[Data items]
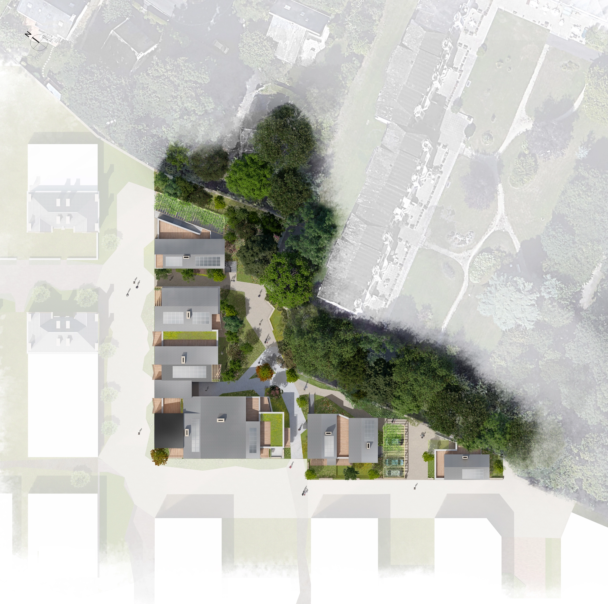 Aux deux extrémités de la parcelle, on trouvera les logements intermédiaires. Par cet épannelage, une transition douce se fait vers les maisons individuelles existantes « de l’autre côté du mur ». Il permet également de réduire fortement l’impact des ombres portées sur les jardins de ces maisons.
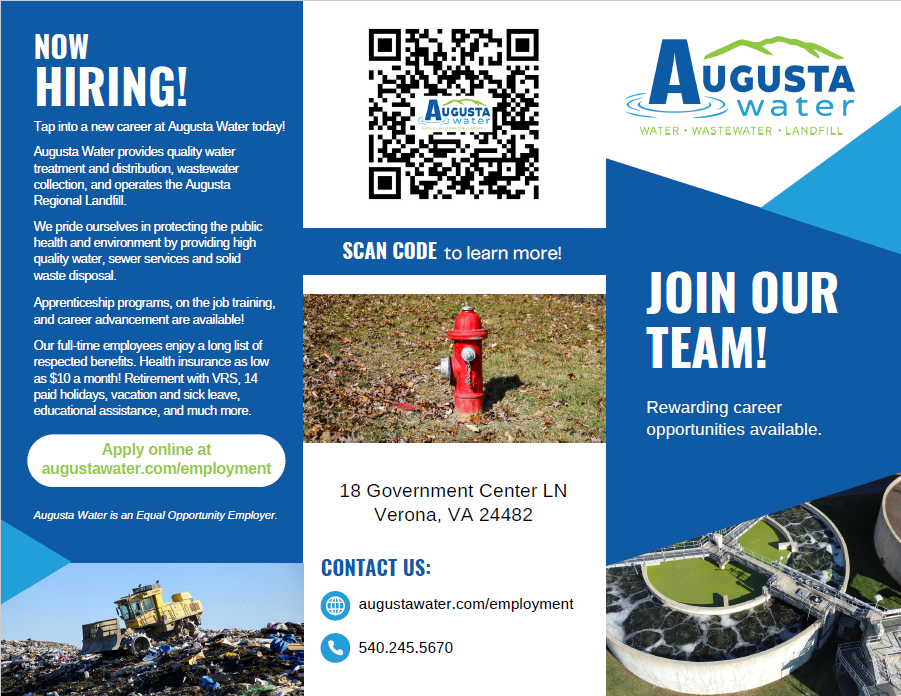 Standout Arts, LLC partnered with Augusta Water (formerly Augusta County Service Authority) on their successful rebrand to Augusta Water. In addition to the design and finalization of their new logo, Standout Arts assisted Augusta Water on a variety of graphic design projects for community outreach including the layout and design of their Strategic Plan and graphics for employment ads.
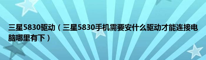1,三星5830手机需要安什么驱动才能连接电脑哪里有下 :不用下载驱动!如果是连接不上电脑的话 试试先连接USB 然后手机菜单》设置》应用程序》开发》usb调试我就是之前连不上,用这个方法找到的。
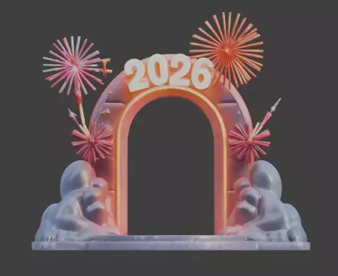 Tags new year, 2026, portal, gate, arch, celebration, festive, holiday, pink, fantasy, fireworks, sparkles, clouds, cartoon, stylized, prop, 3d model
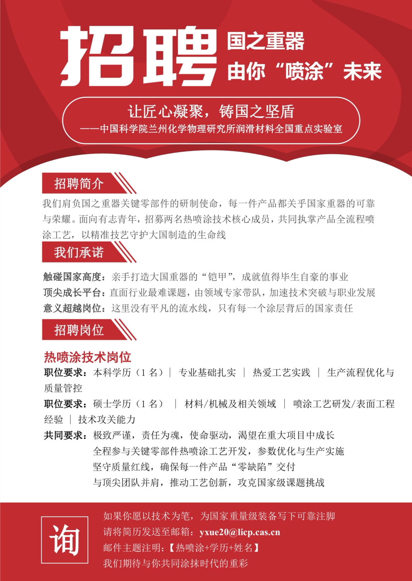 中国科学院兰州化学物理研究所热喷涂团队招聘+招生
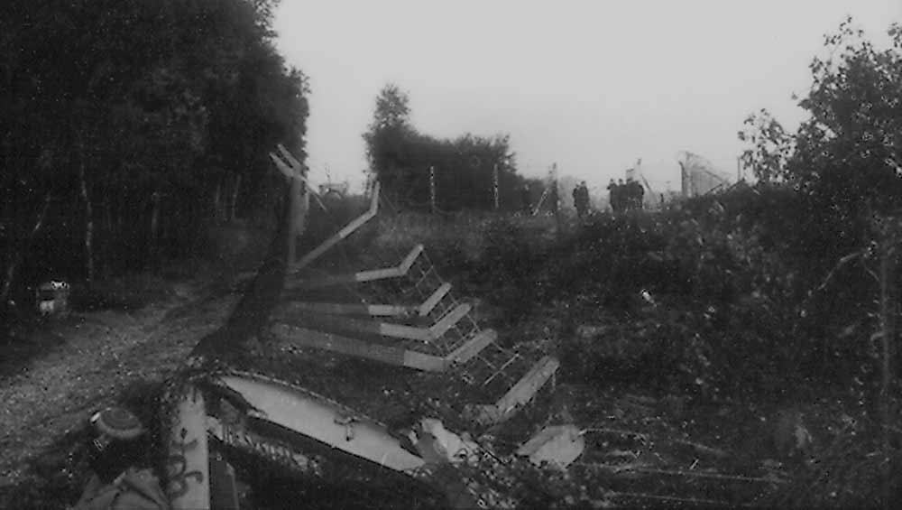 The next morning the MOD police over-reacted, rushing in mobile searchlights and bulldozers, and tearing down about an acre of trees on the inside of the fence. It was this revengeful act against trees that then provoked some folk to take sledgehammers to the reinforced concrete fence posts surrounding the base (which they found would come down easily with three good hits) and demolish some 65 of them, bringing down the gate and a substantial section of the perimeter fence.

* **The problem**
Skip the images and restate each record above word for word.

* **Exercise response**
 Aux deux extrémités de la parcelle, on trouvera les logements intermédiaires. Par cet épannelage, une transition douce se fait vers les maisons individuelles existantes « de l’autre côté du mur ». Il permet également de réduire fortement l’impact des ombres portées sur les jardins de ces maisons.
 Standout Arts, LLC partnered with Augusta Water (formerly Augusta County Service Authority) on their successful rebrand to Augusta Water. In addition to the design and finalization of their new logo, Standout Arts assisted Augusta Water on a variety of graphic design projects for community outreach including the layout and design of their Strategic Plan and graphics for employment ads.
1,三星5830手机需要安什么驱动才能连接电脑哪里有下 :不用下载驱动!如果是连接不上电脑的话 试试先连接USB 然后手机菜单》设置》应用程序》开发》usb调试我就是之前连不上,用这个方法找到的。
 Tags new year, 2026, portal, gate, arch, celebration, festive, holiday, pink, fantasy, fireworks, sparkles, clouds, cartoon, stylized, prop, 3d model
 中国科学院兰州化学物理研究所热喷涂团队招聘+招生
 The next morning the MOD police over-reacted, rushing in mobile searchlights and bulldozers, and tearing down about an acre of trees on the inside of the fence. It was this revengeful act against trees that then provoked some folk to take sledgehammers to the reinforced concrete fence posts surrounding the base (which they found would come down easily with three good hits) and demolish some 65 of them, bringing down the gate and a substantial section of the perimeter fence.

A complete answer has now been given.